The Zahir has also been compared to David Foster Wallace's 1996 novel Infinite Jest by literary theorist Hernán Díaz. Díaz draws a parallel between Borges' Zahir – an object that monopolises the thoughts of whoever encounters it – and Infinite Jest's "the Entertainment", a film so compelling that viewers lose all interest in anything other than watching it. In both works, the object ultimately overwhelms its observer's capacity to direct their attention elsewhere, leading them to lose control over bodily functions and free will. Wallace briefly referenced the story in a New York Times review of a Borges biography.

==Notes==
- "The Zahir" is in many ways the opposite of "The Aleph", the subject of another Borges short story also published in the same short story collection. Whereas viewing the Aleph causes the observer to see all things, viewing the Zahir causes the observer eventually to see nothing but it.
- This is one of many Borges stories that manifests the author's obsession with tigers. (The story mentions a man afflicted by the Zahir who sees only tigers.)
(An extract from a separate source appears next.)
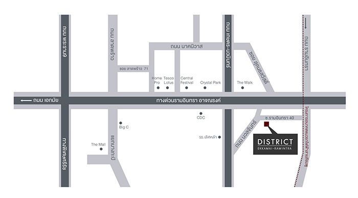 - ที่ตั้งโครงการ ซอยรามอินทรา 40 แขวงนวลจันทร์ เขตบึงกุ่ม กรุงเทพฯ

- Borges touches upon the concept of the Zahir in his short story "Deutsches Requiem", also published in 1949. In that story, Borges wrote: "I had come to understand many years before that there is nothing on earth that does not contain the seed of a possible Hell; a face, a word, a compass, a cigarette advertisement, are capable of driving a person mad if he is unable to forget them." Both stories also contain similar passages about a piece of art containing tigers.